The birth of a foal is a remarkable event that must unfold in an expedient manner. Expulsion of the fetal membranes or placenta is a seemingly less glamorous event than the arrival of the newborn foal, yet its well-timed release is equally important to the thriving foal. Discharge of the placenta is an extension of labour and fetal membranes retained beyond eight hours of foaling pose a serious concern to the mare’s health.
The incidence of retained placenta in mares is two to 10 per cent. It is more common in draft horse breeds and is more likely to occur following a difficult birth or abortion. These scenarios result in uterine fatigue and inability of the uterus to complete its involution process. Strong uterine contractions are responsible for shrinking the uterine lumen and release of the placenta.
When involution is incomplete bacteria, inflammatory fluids, and toxins accumulate within the uterine cavity. Mares are sensitive to resorption of these toxins into the bloodstream, with laminitis or death a common sequel. It is important to note that retention is a much more serious affliction in mares than cattle.
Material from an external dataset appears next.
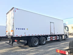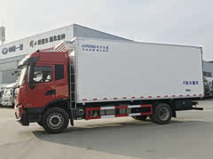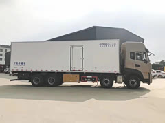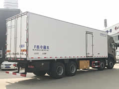 国六9米6冷藏车,东风天龙前四后八冷藏车龙擎465马力 整车型号:DFH5310XLCDX 整车尺寸:12000*2600*3990 厢体尺寸:9500*2440*2450 厢体配置:采用断桥隔热新工艺制作,内外玻璃钢板夹聚氨酯保温层真空复合而成,底板为铝花纹板,厢体内部四周加装1米高的铝花纹板,厢体骨架为镀锌管,木质隔温;厢体厚度为8cm;新款铝合金包边型材;厢体内部采用2个LED照明灯及厢体示宽灯;包角,后门框为不锈钢材质;门框密封条为橡胶材质;加厚型不锈钢铰链及锁件;保温效果优于普通工艺厢体。副梁为710L高强度钢制作,强度高,做好油漆后装车,油漆无死角,防锈效果好,带工具箱。
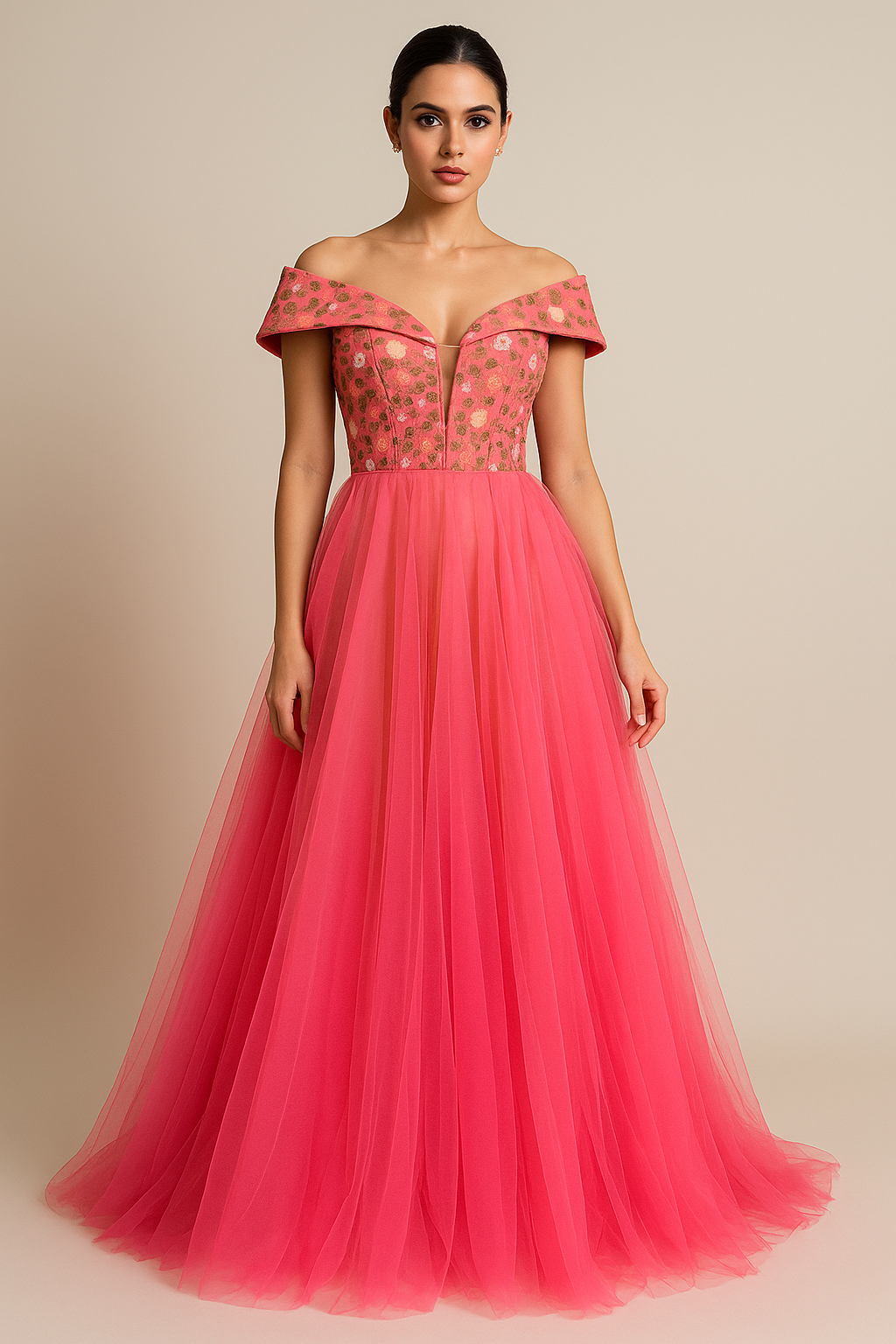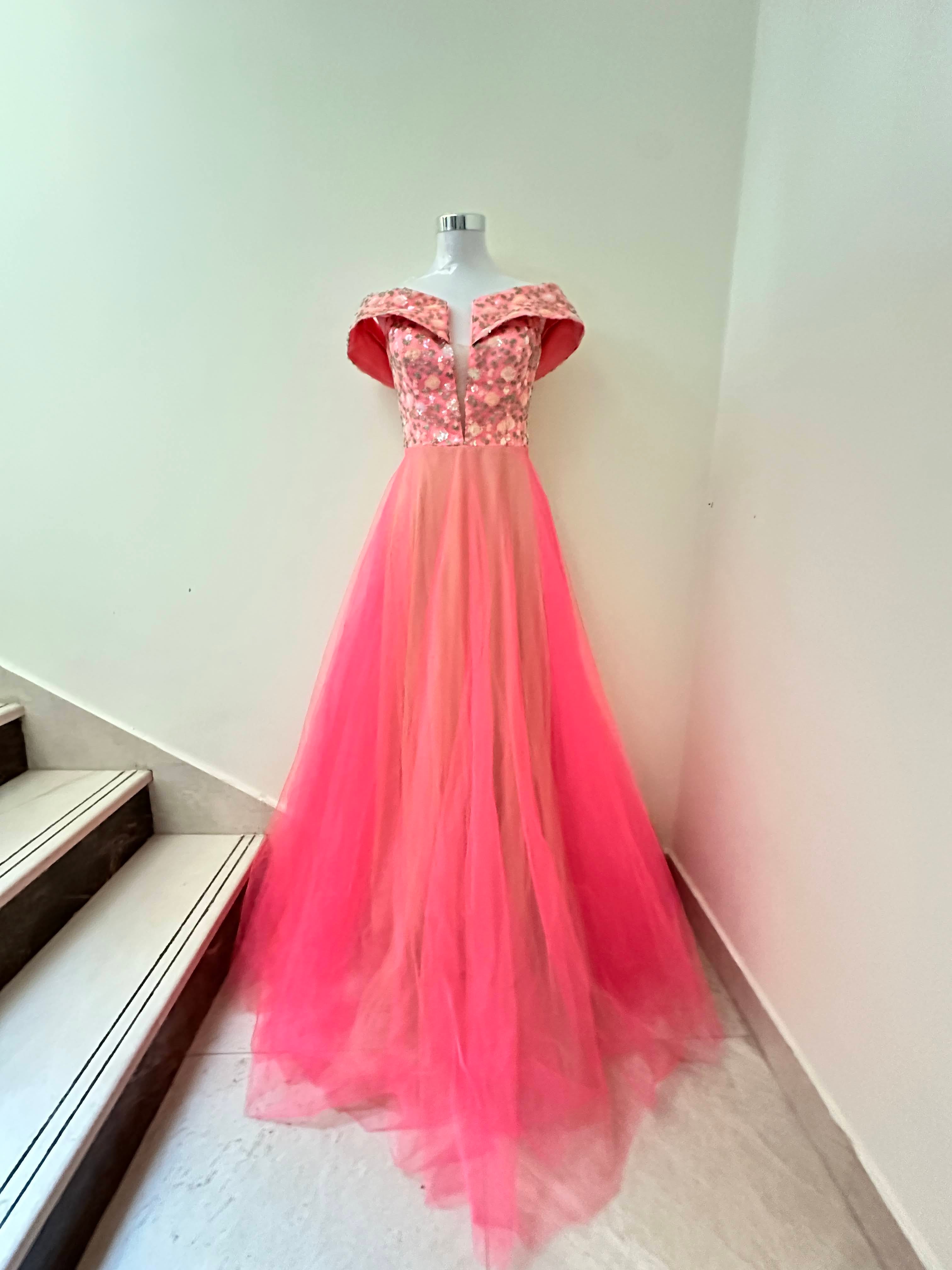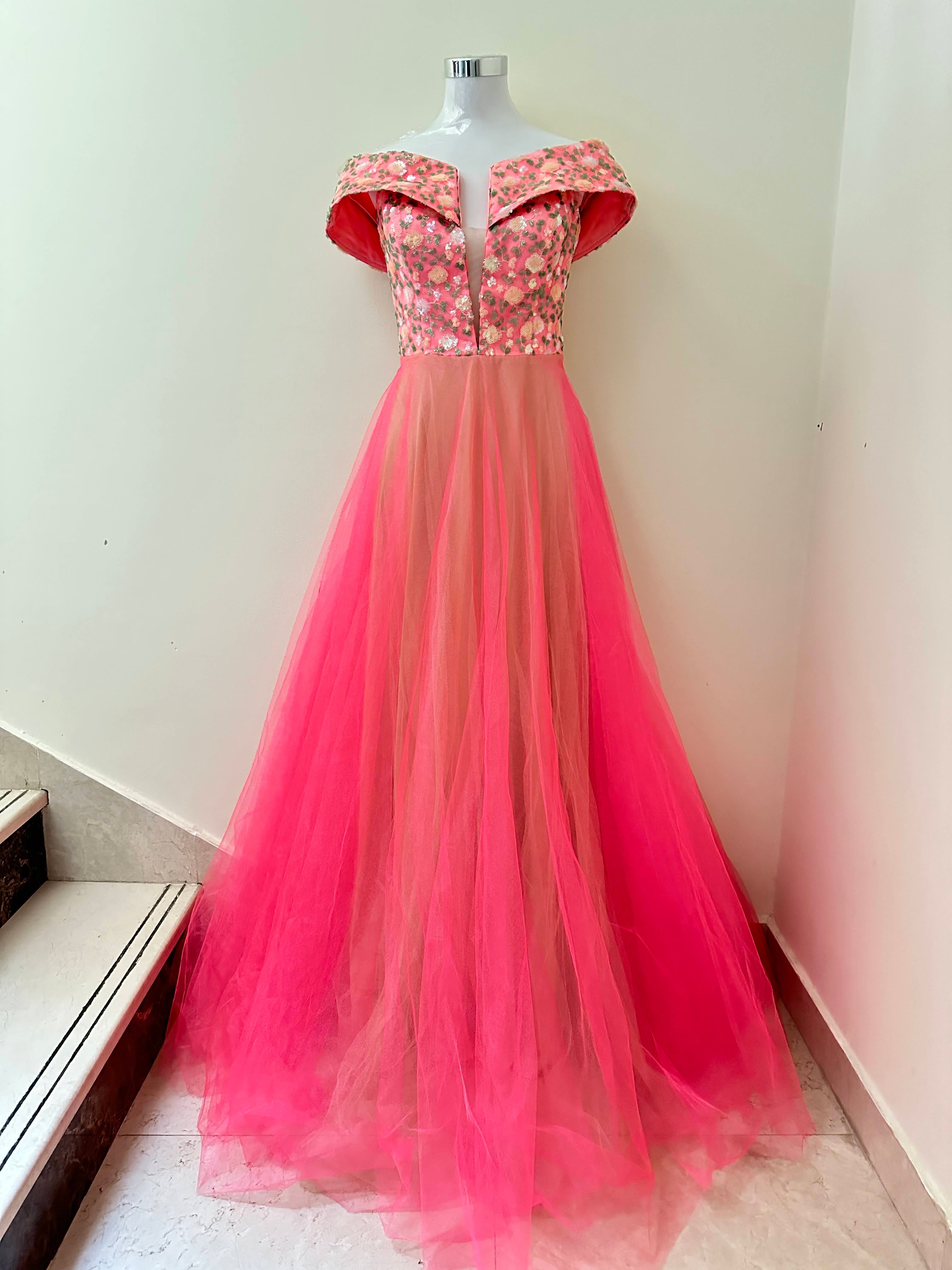 This Off Shoulder Long Dress is the perfect outfit for formal events. It is tailored with a luxurious tulle fabric and satin lining, and is further adorned with intricate embroidery work on the front and back. The result is a stunning gown with an elegant silhouette that is sure to make an unforgettable impression.

Generally, discharge of the placenta occurs within an hour of the foal’s birth. Most often diagnosis of a retained placenta is easy, for the placenta is hanging from the vulva three hours beyond foaling. Initially knotting or tying the hanging placenta prevents the mare from stepping on and tearing it causing further complications.
The gentle weight of the hanging placenta and gravity are a mare’s ally. Between three and eight hours post-foaling, small doses of oxytocin can be given intramuscularly to the mare. This hormonal treatment stimulates purposeful rhythmic contractions of the uterine muscle. Signs of mild colic may be observed following injection. If this occurs walking can soothe the mare’s discomfort.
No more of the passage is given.